Cobijo was started by Father Bladimir Navarro, a priest originally from Camagüey who has lived in Madrid for three years, along with fellow Cubans Glaisys Carbonell, Yanaika Lafuente, Lázaro González, Ronald Bolaños, and Jany Gálvez García.

The project’s logo shows a silhouette of the Our Lady of Charity, the patroness of Cuba, with the colors of the national flag.

“Cobijo began as an act of Divine Providence,” Fr. Navarro told ACI Prensa, CNA’s Spanish language sister news agency.

The priest recounted that since he arrived in the Spanish capital he felt that “God was asking me to welcome people who, like me, arrive from Cuba, who arrive with just what they’re wearing.”

The house where Cobijo operates is located in Alcobendas on the outskirts of metro Madrid, and has been leased to a lady at a generous price, fully furnished.

Fr. Navarro said that by Aug. 1 the group already had the key.

“A young Cuban man began living there and a week later we already had a married couple who came from Serbia with a one-and-a-half-year-old baby, and then we took in another young woman; so we’ve taken in five now. And that’s how Cobijo began, as an act of Divine Providence,” he said.
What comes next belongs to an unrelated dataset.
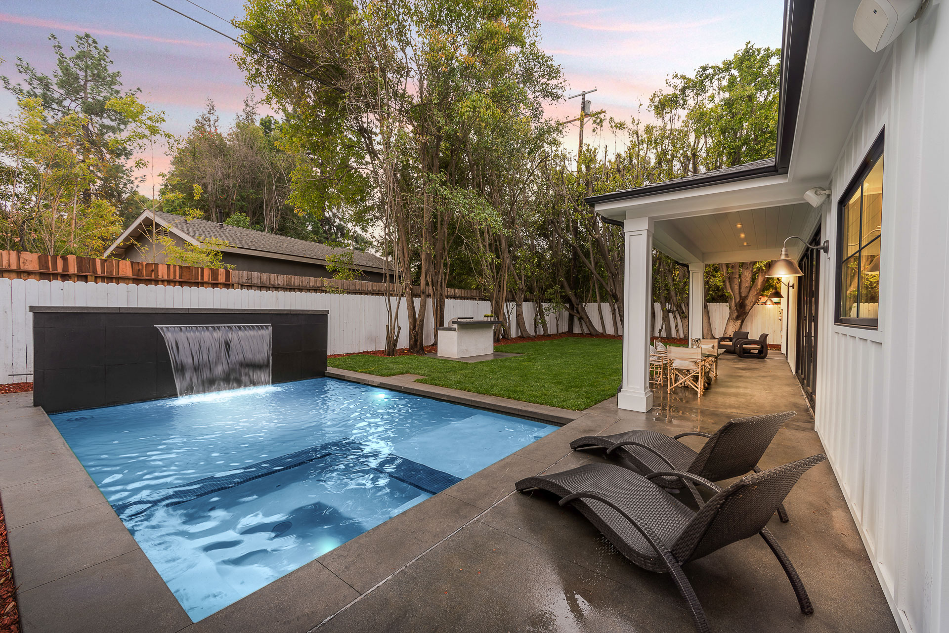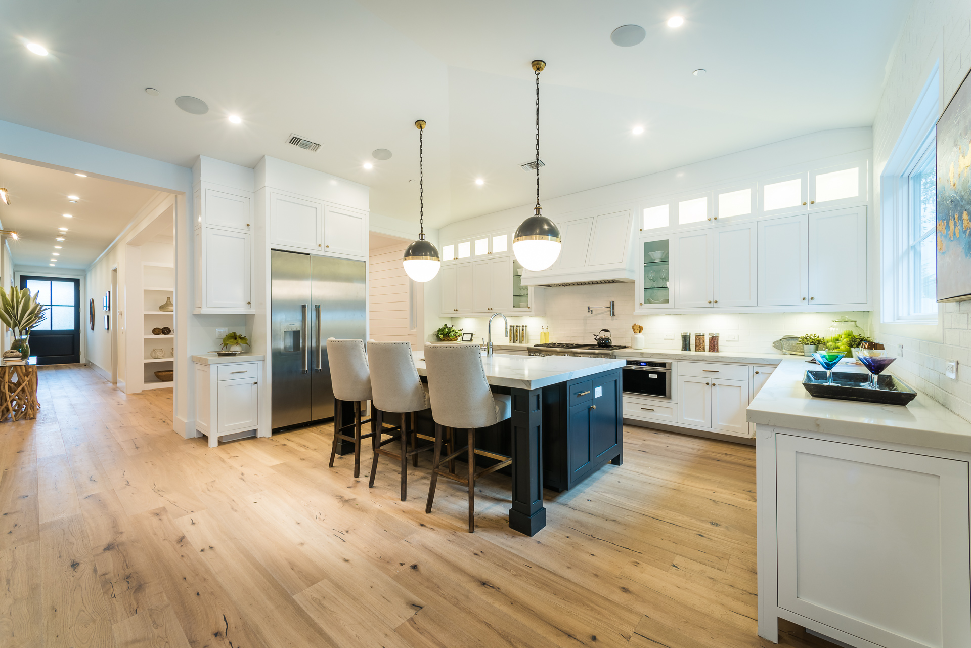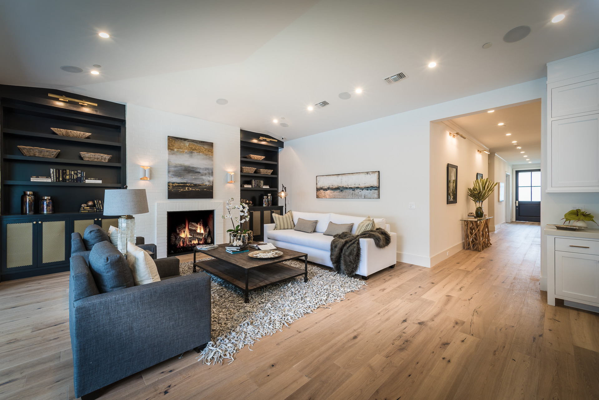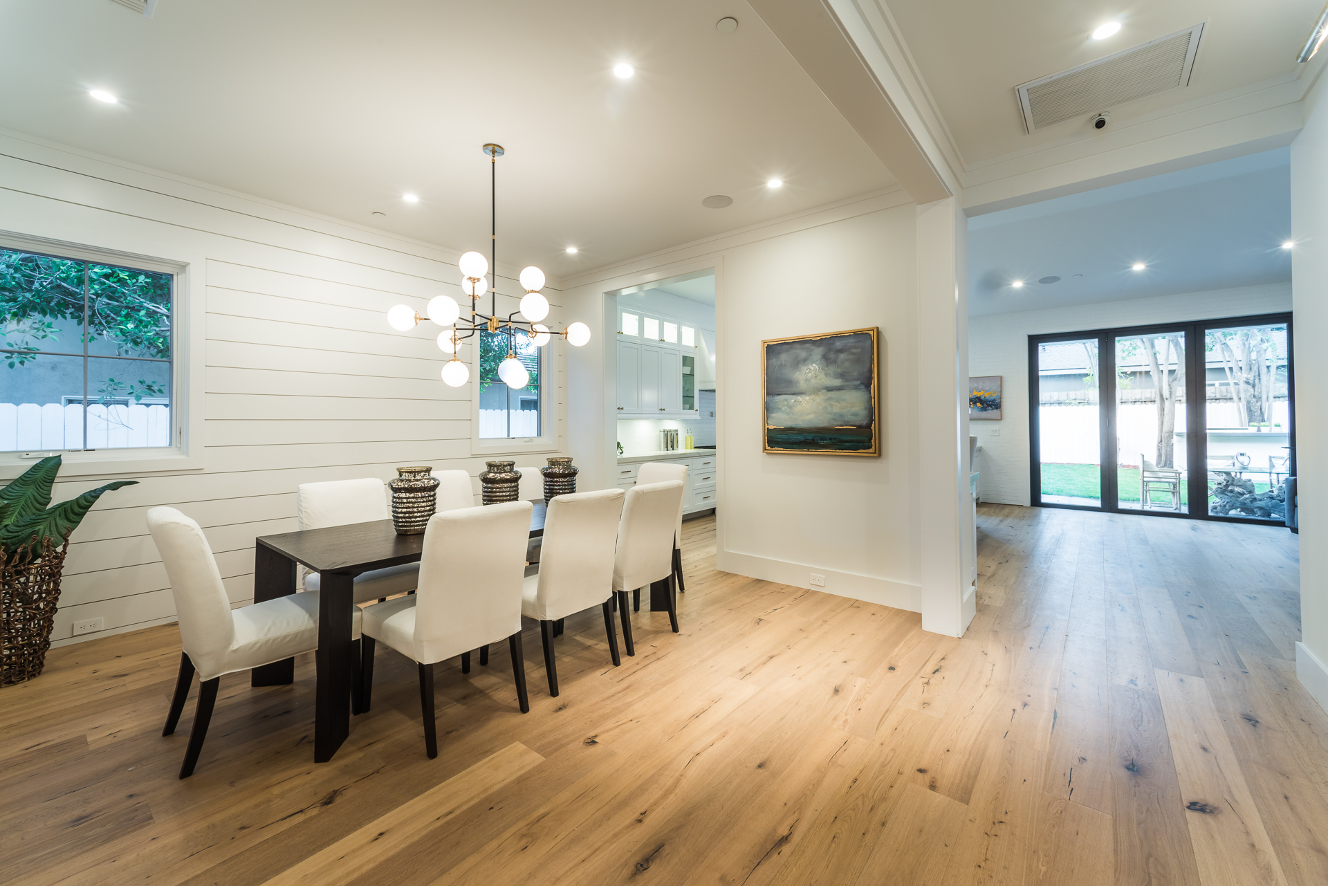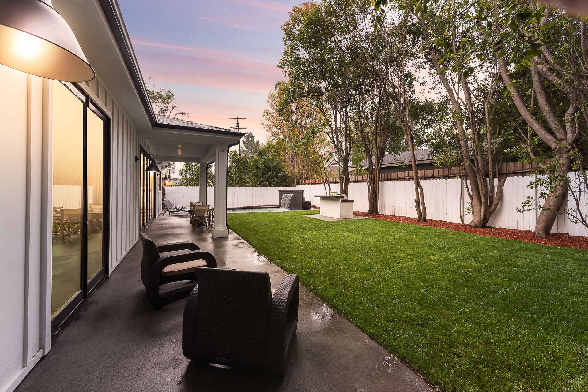 This sprawling one story new construction home is perfect for the growing family. As you enter the amazing 8ft barn door, you instantly step onto the light white oak flooring throughout that leads you to a well appointed and flowing floor plan boasting 3850 sq. ft. of artfully built single story living. The grand hallway brings together 4 bedrooms all en-suites with extensive tile work. A large gourmet chefs style kitchen with all amenities and built ins and a cozy Family room. No expense was spared, from the brass fixtures to the vaulted ceilings and brick walls. The family room is equipped with walls of glass opening up to a lush and well landscaped backyard with separate BBQ area, Custom designed Pool and Spa. The master has a spa-like bathroom w/ dual vanities, soaking tub, and oversized shower. Gorgeous looking French doors in master suite that open up to a seating/lounge area off the yard. This is a truly remarkable and well built one-story home in the heart of Encino and in a great location.

The priest told ACI Prensa that although many Cubans continue to seek to go directly to the United States, lately the number of their compatriots who go to other countries is growing.

“They leave everything and travel through different routes, through Nicaragua, through Serbia and through Moscow. These are the three places that don’t require a tourist visa. So they travel, risking everything with their journeys, even months, taking routes where you have to pay a lot of money,” he recounted.

However, he said that sometimes they also get into debt, “because to make this type of journey they have to borrow a lot of money and sell their houses, all their belongings and arrive in Madrid with nothing.”

Fr. Navarro said that “we are seeing one of the largest migratory waves that Cuba has ever had.”

“The Cubans who are leaving are very desperate. They arrive here very sad, they arrive with the desire to start a completely different life; but the Cuban person is very cheerful, very enterprising, very sociable; and all that has also been stolen from us by communism.”

“They come to these countries with the desire to help their own who remain there, because Cuba is falling apart,” he said.

Given this reality, the priest explained that the three important bywords for the Cobijo Project are “welcome, transform, and send.”

“The first thing we offer a Cuban when he arrives, crossing borders from Russia, from Serbia, to Spain, is to welcome them. We offer him shelter, a home, a family.”

The migrants are given psychological support through Yanaika Lafuente, a member of the Cobijo coordinating group, and “my spiritual support as a priest.”

For the Cubans who arrive at Cobijo “we help them with registering as a Madrid resident, requesting political asylum, all the procedures from the health point of view. Also the process of sending children to school –we do this through Diocesan Cáritas– and also help them in their search for work and integration into Spanish society,” the priest explained.